Every evening upon finishing our homework and a glass of milk, the friends would gather at the derelict outhouse which provided the most suitable setting for our juvenile games.
Out of the seven, after the ritualistic chant of ``in-pin-safety-pin-in-pin-out,
khelna hai to khelo warna (play if you like or else) get out!'', I was the singled-out participant for the `dare you’ game of the day. Very compliantly I climbed into the corroded age-old closet wherein I, `
poorani almari wali chudail' ( the witch of the old closet) , the spell-weaver, had to remain till my companions would challenge and call out in choral rhyme,
kya tu hum sabse darkar, baithee jo almari ke andar,
bana sakti kya hum sabko bandar, chala kar apna jadoo mantar? ( are you afraid of us that you hide in that closet? Do you have the power to weave a magic spell and turn us into monkeys? ). Thereupon, I, the closet witch, had to come out of my cubbyhole and cast my spell on whoever I’d come upon first.
I did not see the lever turn in the black opacity, nor did I hear the hurried footfalls fading on the desiccating grass. I waited alertly for that signal from my friends, instead, I heard my sniggering mates yelling out that they had tossed up the key to my freedom high up which the sky devoured. Funnily, I did not find my friends' meanness peculiar.

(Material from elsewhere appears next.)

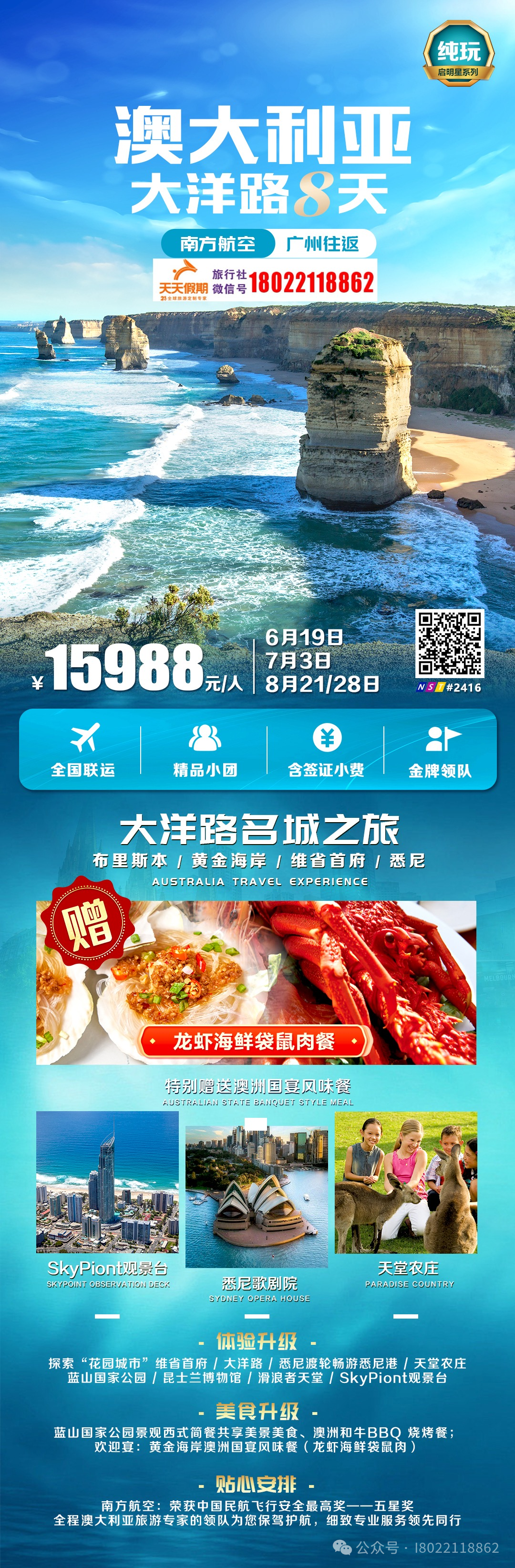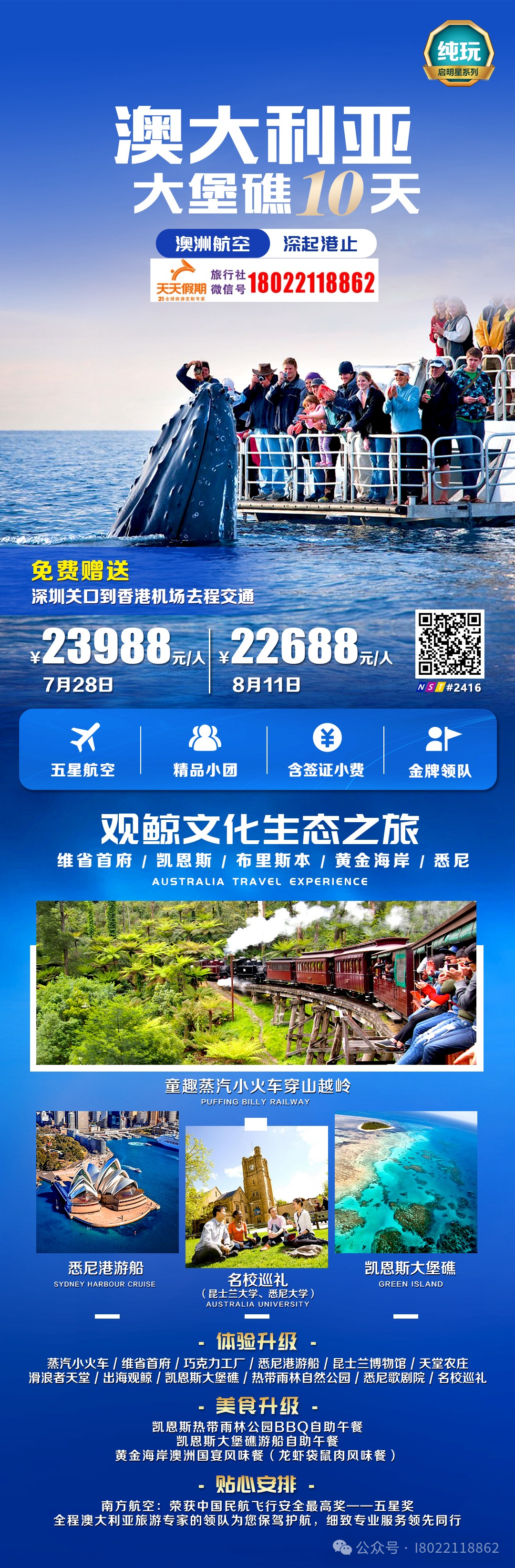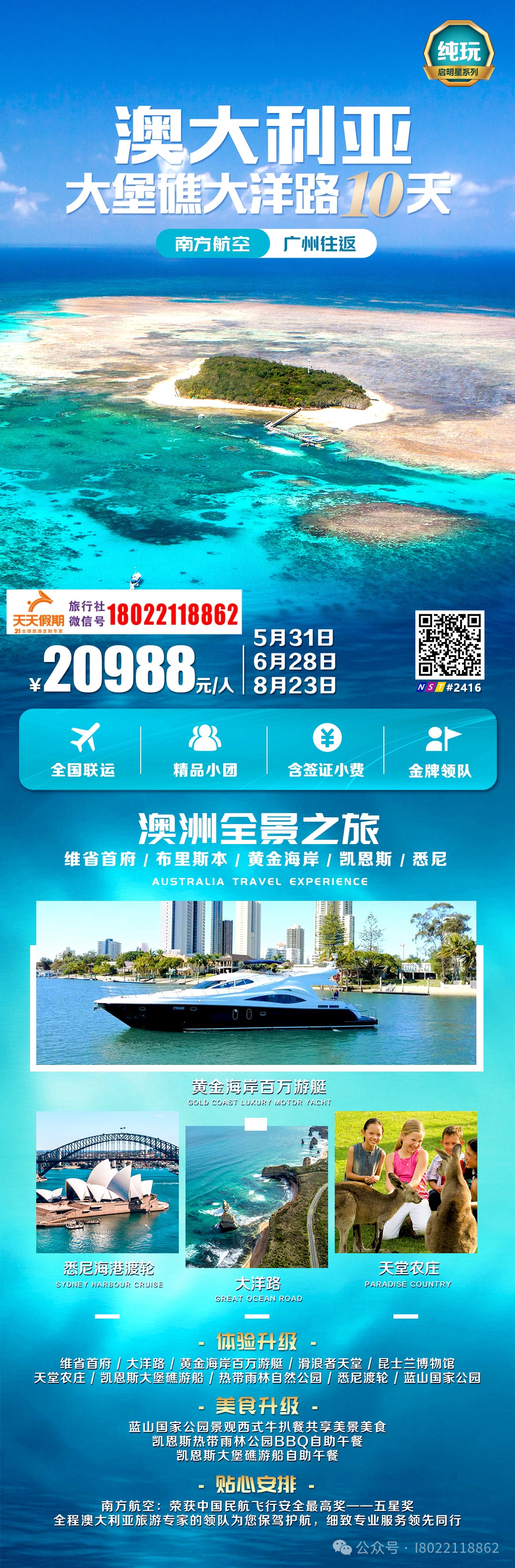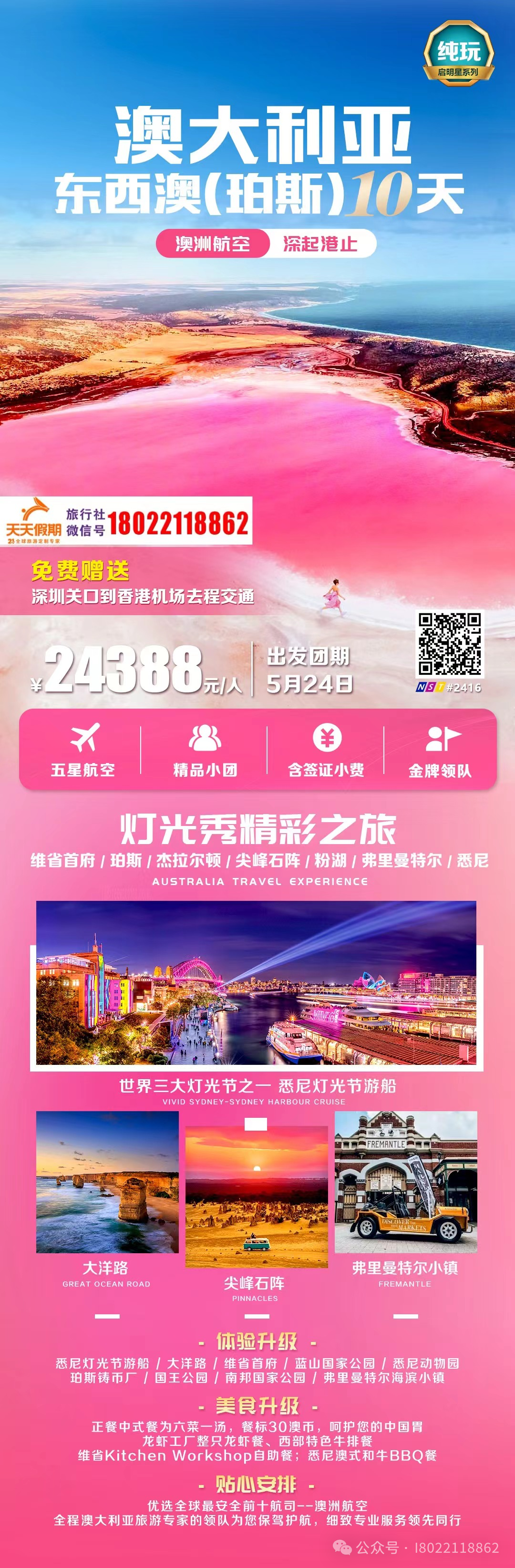 ![]() 在澳洲这边美丽土地的一个小插曲散落着无数的星辰悉尼、墨尔本... 在澳大利亚旅行让你感受不同城市不同的风情。 ![]() 01 悉尼迷人的海港 读小学时候音乐老师就告诉你你,澳大利亚就有个著名的悉尼歌剧院。那地理老师有没有告诉你,还有邦迪海滩、棕榈海滩等。 ![]() ![]() 悉尼的大街小巷不仅遍布各种特色的路边摊,更有世界一流的餐厅,从精致的亚洲美食到充满创意的融合料理应有尽有。而在闻名世界的悉尼鱼市场,你能买到来自澳大利亚各地的最新鲜的海鲜。 去惯了东南亚的炙热阳光,来感受下南半球的和煦阳光的不同。用一天时间漫步在海滩上享受快节奏城市的悠闲。 建议游玩:1-3天 02 饕餮盛宴,饮食男女的墨尔本 对于注重美食的游客来说,墨尔本可以称得上是世界上最好的目的地之一。特别是在阿克兰大街和菲茨罗伊大街,优质餐馆一大把。 ![]() 澳洲盛产优质牛肉,最美味的做法毫无疑问是牛排。不同的餐厅都有各自独特的做法,草养黑安格斯T牛仔骨、干式熟成肉眼骨排、大卫布莱克摩尔全血和牛餐...配上洋葱和西红柿这些简单又经典的配菜...足以让你的味蕾得到满足。 ![]() ![]() 不可错过的还有澳洲龙虾,这是吃货来到墨尔本一定要品尝的美味,肉质鲜嫩,虾肉中凝聚了海洋深处的秘密。 ![]() 03 精致的布里斯班,艺术与极限碰撞 你呀,是自在如风的少年。在布里斯班河的船上哼一首轻快的阳光小调是文艺青年的菜。 ![]() 玻璃屋山脉(Glasshouse Mountains)崖壁上的缘绳速降,这种刺激才能释放我封印千年的本尊~ ![]() 你也可以选择去布里斯班的南岸步行或骑自行车穿过布里斯班河(Brisbane River)的,既能欣赏到城市最美的一面,又能锻炼身体。布里斯班南岸的人工免费供人们使用,洁净细柔的白沙和郁郁葱葱的亚热带植物围绕着一泓波光潋滟的泻湖,每个角落都是风景。 南岸因其多样的娱乐休闲活动而闻名,拥有占地17公顷的公园、餐厅、咖啡馆、酒吧、精品店、博物馆和美术馆。或是坐上布里斯班摩天轮(Brisbane Wheel),从别样的角度领略城市的旖旎风光。 04 完美假期,从阿德莱德的风光大片开始 袋鼠岛一定是要去的地方,南澳大利亚被《Lonely Planet孤独星球》杂志评为2017年“十大最佳旅行地区”。 ![]() 小巧精致的阿德莱德市中心,绿意盎然的公园河流,宽敞的道路,你可以在20分钟之内驾车到达你想去参观的海滩或山脉,当然你也可以选择步行,体验这座城市的魅力。 ![]() 阿德莱德也是一个探索南澳大利亚其他地区的门户城市。无论是去闻名世界的产酒区芭萝莎,风光旖旎的菲尔半岛、拥有‘没有围栏的动物园’之称的袋鼠岛、海鲜前哨艾尔半岛、大自然的神来之笔石灰岩海岸还是古老的内陆,阿德莱德都是最佳的起点,只需最多2个小时的飞行或者驾车。 ![]() 如果你或者有小伙伴对酒文化感兴趣,那闻名世界的产酒区芭萝莎也是必去的旅行地。 05 属于情侣蜜月的珀斯,享受此刻的静谧 澳大利亚保存最好的19世纪街景,让时光静止,你我就沉浸在此刻的美好,就好。 ![]() 蜜月的你们,在科特斯洛海滩游泳、冲浪,或者欣赏夕阳,然后去往北桥物美价廉的食肆和时髦的酒吧。 ![]() 顺便去下国王公园,在那边留下一组漂亮甜蜜的旅行照,漫山的花海在天空下绚烂绽放。 06 透过堪培拉,聆听一个国度的故事 如果不去格里芬湖,不看喷射式喷泉,就不能说到过堪培拉。湖中有为纪念库克船长而建造的喷泉,它从湖底喷出的水柱高达137米,站在全城任何地方,都可以看到高大的白色水柱直刺蓝天。 ![]() 你看到一座城的风景,那你是否知道它背后的故事?这里也是探寻澳大利亚文化的最佳去处,国会大厦、澳大利亚战争纪念碑、澳大利亚国立美术馆等。 ![]() 07 跳动的音符,文艺的达尔文 户外节日、水滨餐厅、热带园林与艺术街区等无一不让人感受到达尔文的温和气候、不拘一格的美食与文化。在明迪尔海滩黄昏市场品尝达尔文的味道; ![]() 乘船游览达尔文港(Darwin Harbour);参观博物馆,追寻当地动人历史。 08 最时髦的凯恩斯 以前读过一本书《世界上最美的100个地方》封面是大堡礁,这是最吸引我,也是我不得不买的理由。 ![]() 从凯恩斯启程,遍游大堡礁和戴恩树热带雨林的美丽角落。 ![]() 经 典 推 荐 ![]() ![]() ▲↑识别上图二维码看详细行程↑▲ ![]() ▲↑识别上图二维码看详细行程↑▲ ![]() ▲↑识别上图二维码看详细行程↑▲ ![]() ▲↑识别上图二维码看详细行程↑▲ ![]() ▲↑识别上图二维码看详细行程↑▲ ![]() ▲↑识别上图二维码看详细行程↑▲ ![]() ▲↑识别上图二维码看详细行程↑▲ ![]() ▲↑识别上图二维码看详细行程↑▲ ![]() ▲↑识别上图二维码看详细行程↑▲ ![]() ▲↑识别上图二维码看详细行程↑▲ ![]() ![]() ![]() 微信咨询报名 微信公众号 关注中山市寰球风光国际旅行社了解更多 、 ![]() ![]() 免责声明: 1、 文章部分文字与图片来源《蓝胖胖儿 稻城亚丁景区》》2、 因编辑需要文字和图片之间亦无必然联系,仅供读者参考。3、 我们所转载的所有文章、图片、音频视频文件等资料版权归版权所有人所有,因非原 创文章及图片等内容,无法一一和版权者联系,如原作者或编辑,认为作品不宜上网 供大家浏览,或不应无偿使用,请及时通知我们,以迅速采取适当措施,避免给双方 造成不必要的经济损失。4、 本网页如无意中侵犯了媒体或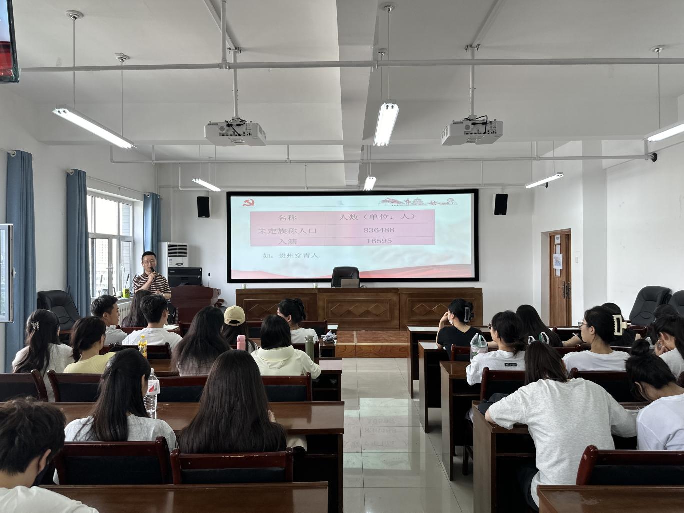2024年5月20日下午,437必赢会员中心在云衢楼904报告厅举行“铸牢中华民族共同体意识”民族团结月主题报告会。中共兰州市委党校(兰州市行政学院)邱玮栋老师应邀为师生作题为《铸牢中华民族共同体意识:不断推动兰州市民族团结进步事业繁荣发展》的专题报告。学院2023级、2021级师生代表150余人现场聆听报告, 报告会由兼职辅导员慕娜娜主持。

It must have been the clamminess inside, or the suspended stale air, or the cold solid metal against which I reclined sideways, tucking my legs together. In next to no time my olfactory nerves became comatose and I slept. Or fainted.
Noises.
A weepy and a very hysterical mother discovered me.
Sometimes I dream of those tittering friends from my childhood days.
The key, it was never retrieved.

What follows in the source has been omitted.